In the entries that follow, find the line containing "Korean Style Short"; from there, copy every line exactly through the line containing "En el primer".

## [DATA FOR REVIEW]
%%

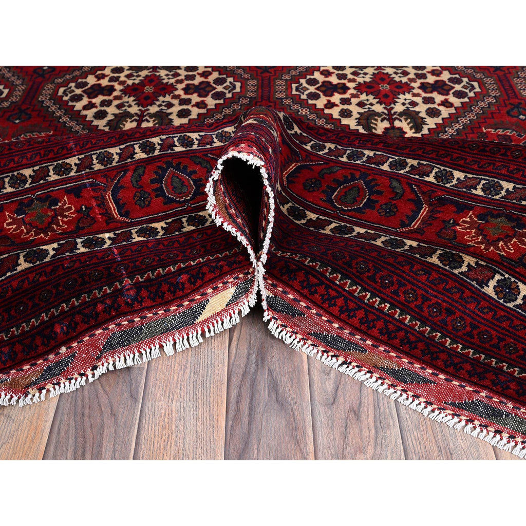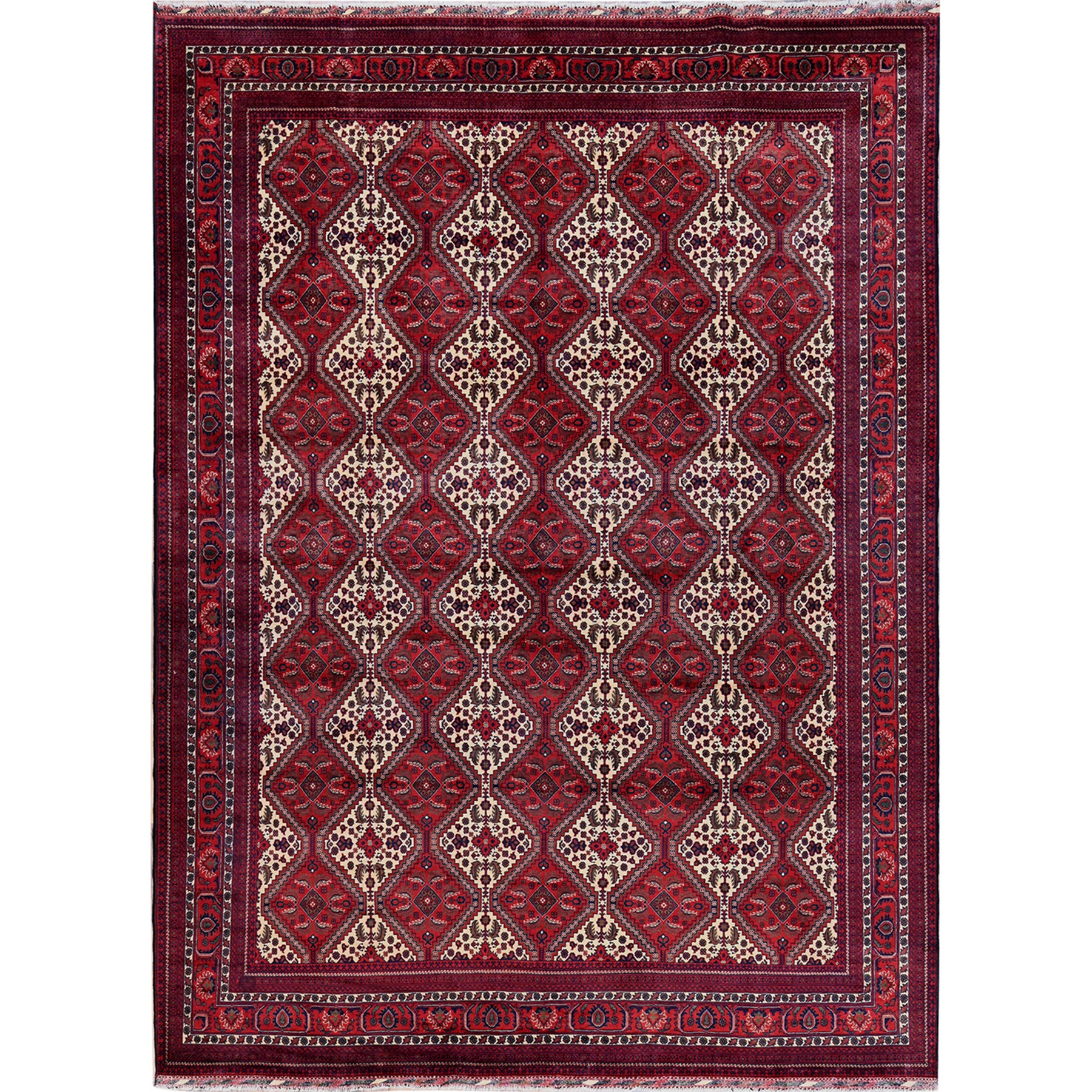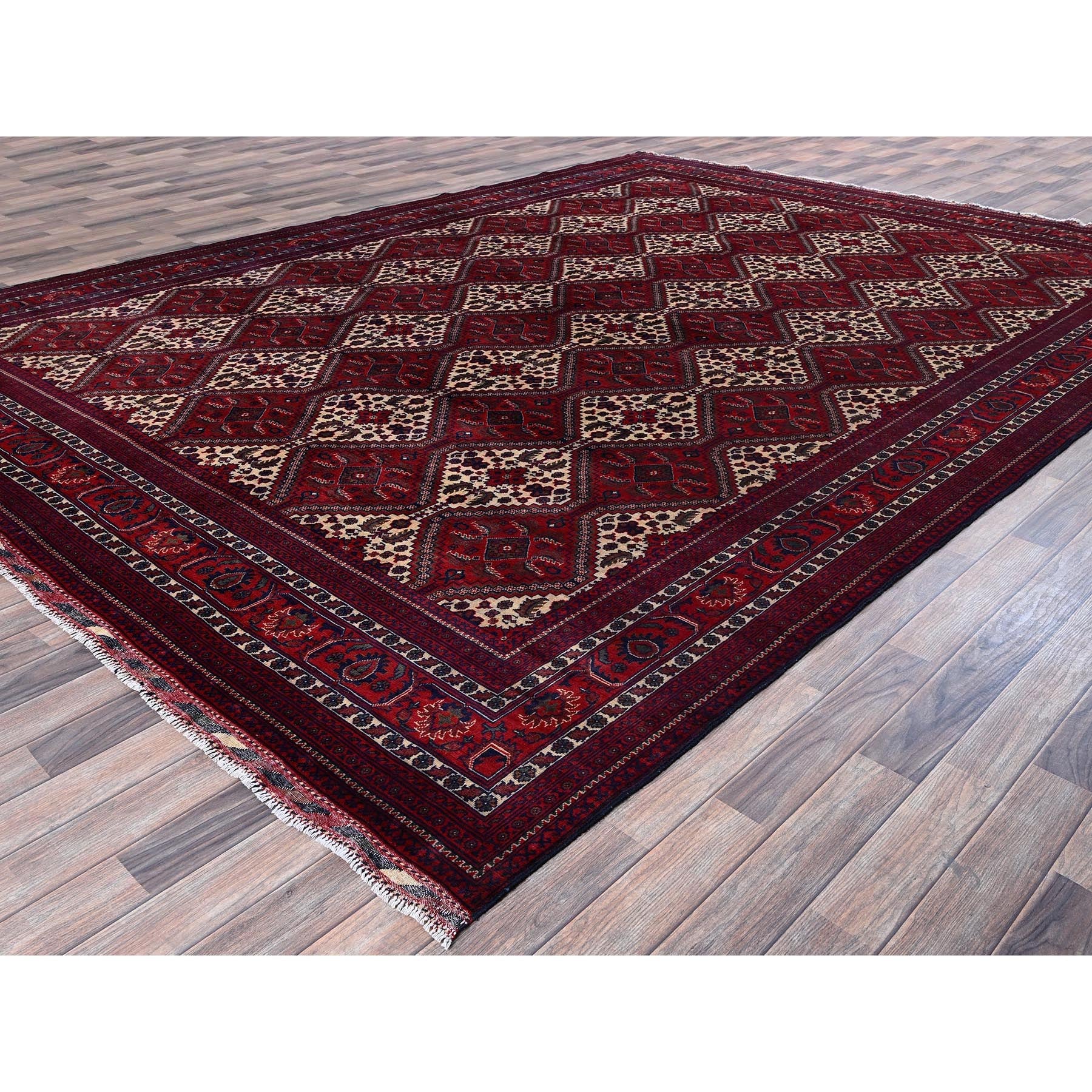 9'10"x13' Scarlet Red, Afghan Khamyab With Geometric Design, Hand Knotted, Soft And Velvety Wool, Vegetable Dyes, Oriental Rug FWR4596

%%
%%

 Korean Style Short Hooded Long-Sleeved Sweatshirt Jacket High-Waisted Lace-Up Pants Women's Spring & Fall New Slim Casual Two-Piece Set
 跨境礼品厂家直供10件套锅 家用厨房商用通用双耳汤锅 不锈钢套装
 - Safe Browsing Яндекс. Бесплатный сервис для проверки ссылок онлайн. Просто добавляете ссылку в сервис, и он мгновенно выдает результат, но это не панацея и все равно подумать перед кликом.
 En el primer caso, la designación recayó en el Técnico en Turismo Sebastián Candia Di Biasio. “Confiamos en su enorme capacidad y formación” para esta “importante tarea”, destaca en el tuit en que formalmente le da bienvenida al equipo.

%%
%%

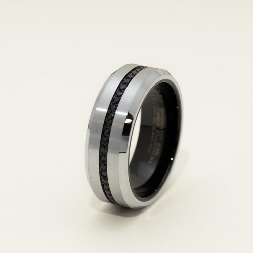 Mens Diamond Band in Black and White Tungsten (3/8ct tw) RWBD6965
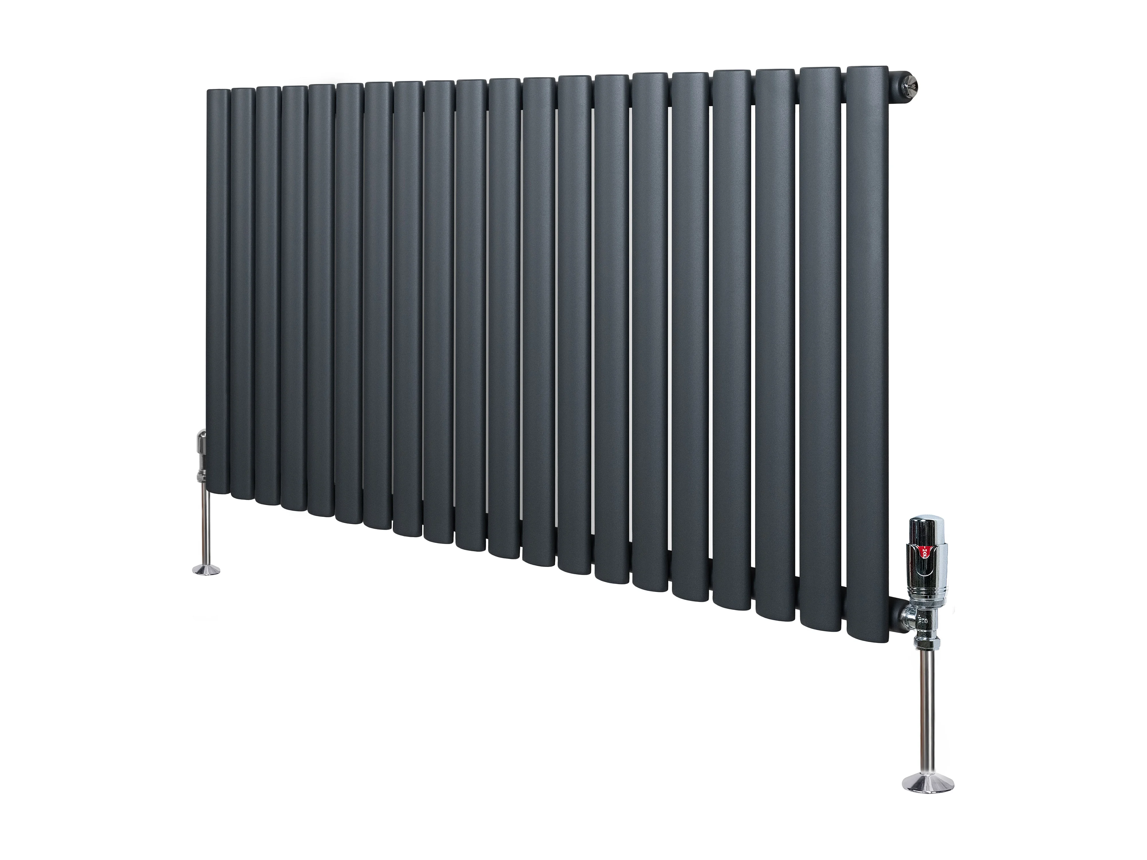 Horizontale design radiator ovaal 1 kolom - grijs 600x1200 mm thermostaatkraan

%%

## [EXERCISE RESULT]
 Korean Style Short Hooded Long-Sleeved Sweatshirt Jacket High-Waisted Lace-Up Pants Women's Spring & Fall New Slim Casual Two-Piece Set
 跨境礼品厂家直供10件套锅 家用厨房商用通用双耳汤锅 不锈钢套装
 - Safe Browsing Яндекс. Бесплатный сервис для проверки ссылок онлайн. Просто добавляете ссылку в сервис, и он мгновенно выдает результат, но это не панацея и все равно подумать перед кликом.
 En el primer caso, la designación recayó en el Técnico en Turismo Sebastián Candia Di Biasio. “Confiamos en su enorme capacidad y formación” para esta “importante tarea”, destaca en el tuit en que formalmente le da bienvenida al equipo.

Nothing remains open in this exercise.